There’s nothing to report here. Falcon Northwest clearly respects its customers more than large brands like Asus and HP, and it doesn’t include any bloatware. It doesn’t include any software at all, in fact. Even the Nvidia driver is a stand-alone installation apart from GeForce Experience.
It doesn’t sound like a big deal, but the Tiki runs much faster as a result. Boot times are almost instant because there aren’t any startup apps outside of the ones included with Windows, and you don’t have to constantly monitor your task manager to see what’s sucking down power in the background. The Tiki feels like a machine you built yourself, and that’s hard to come by.
Beyond the software inside Windows, Flacon Northwest has all of the optimizations you could need enabled — XMP is turned on, ReBAR is enabled, and all of the drivers and Windows updates are the most recent (assuming a new one doesn’t come out during the shipping process, of course). The only thing Falcon Northwest messes with on the software side is setting a background and your default browser page to its website.
The Tiki is an expensive mini PC that earns every dollar Falcon Northwest asks for. You can pick up a cheaper option with the same components and get similar performance, but it’s Falcon Northwest’s attention to detail, excellent component selection, and thorough build process that make it stand out.

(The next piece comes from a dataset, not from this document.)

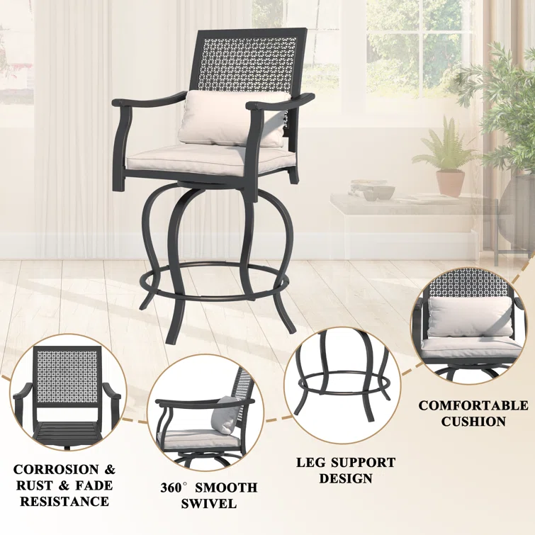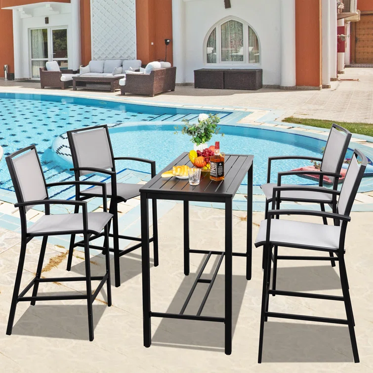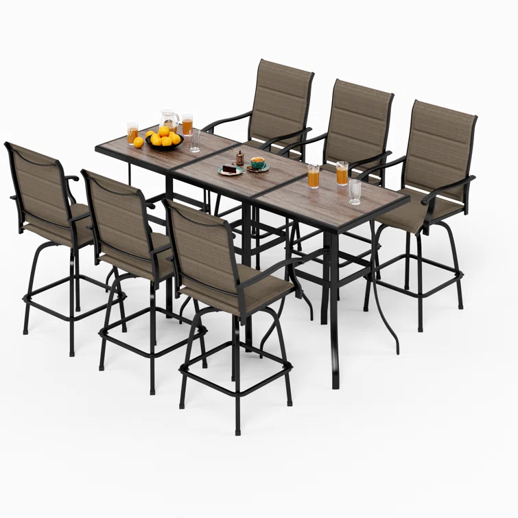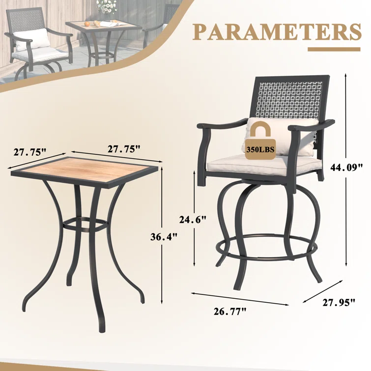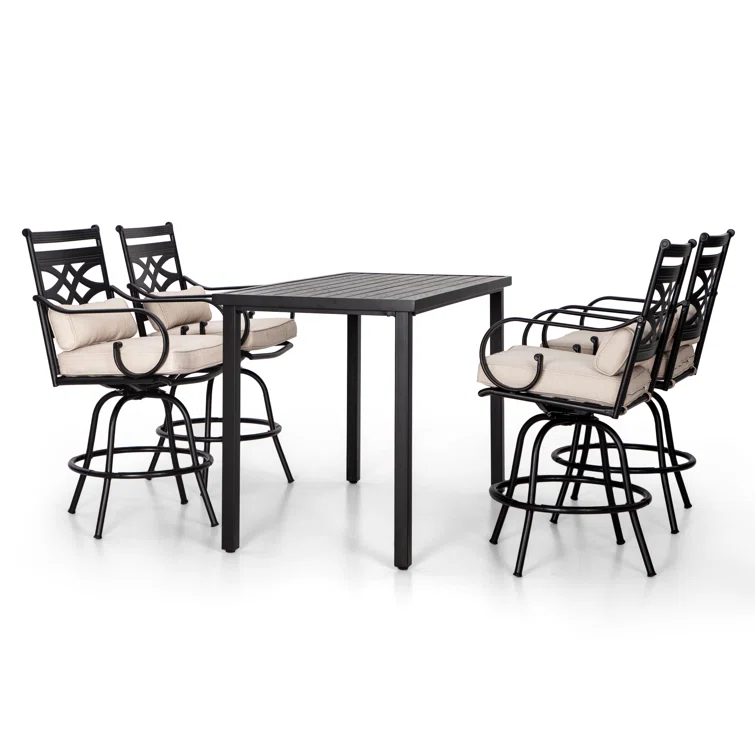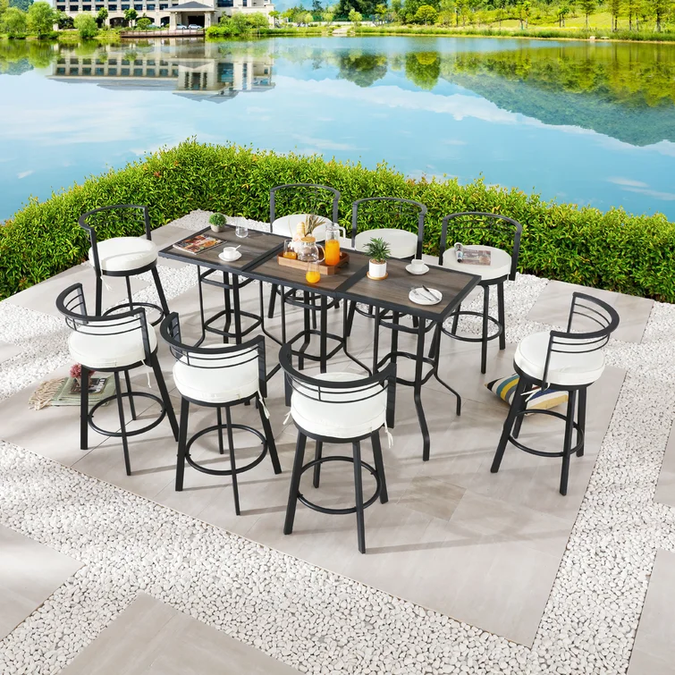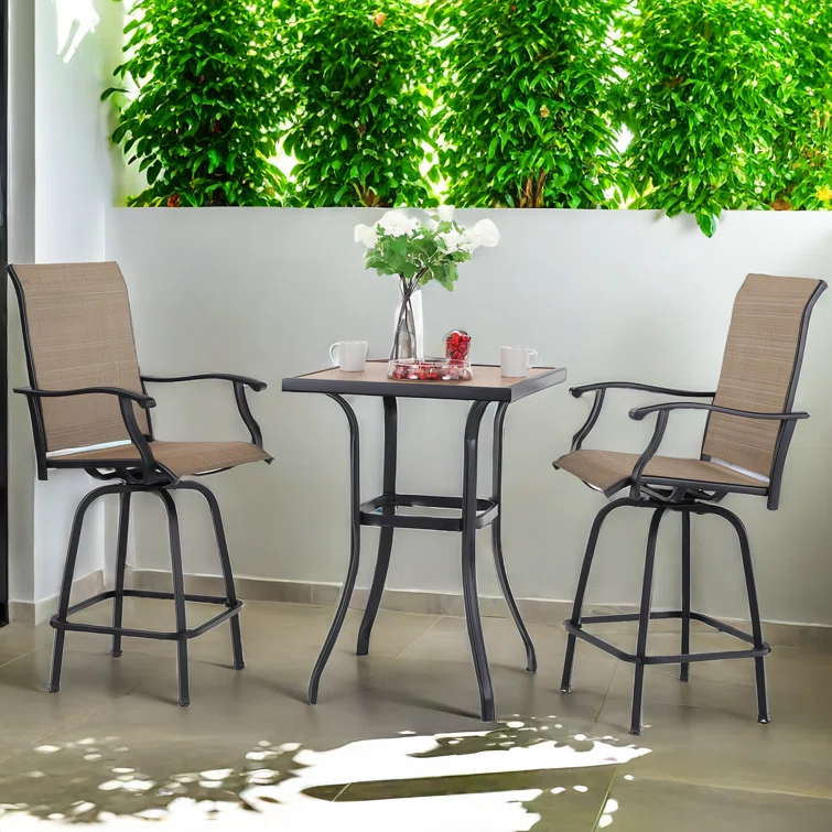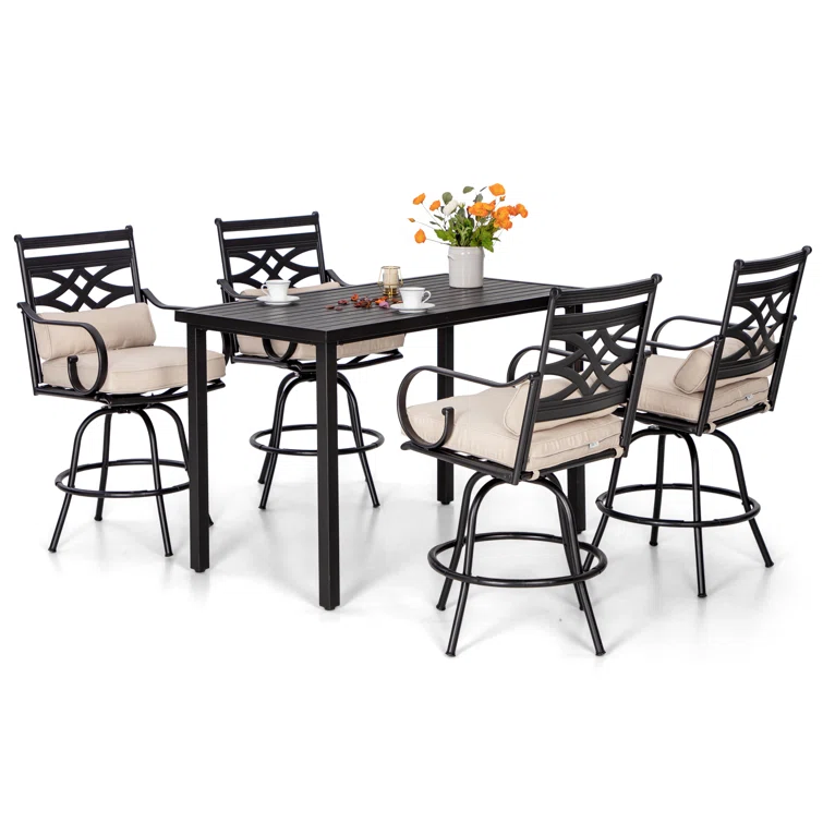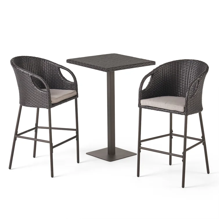 Patio Bar Set Bar Table and Stools Patio Furniture Set with Cushions

Are there any alternatives?
Yes, but none as well-built as the Tiki. The most direct competitor is the Corsair One i300. Maingear offers its Turbo and Origin PC offers the Chronos as small form factor options, though neither of them is nearly as small as the Tiki.
How long will it last?
With premium hardware inside, the Tiki will last several years. Falcon Northwest offers a standard three-year warranty, as well, and assuming you can fit the components inside, you can upgrade the Tiki down the line if you want.
Should you buy it?
Yes. There isn’t another small form factor PC that walks the tight rope like the Tiki does, offering flagship power, a super small footprint, and thermal performance that rivals desktops two or three times its size.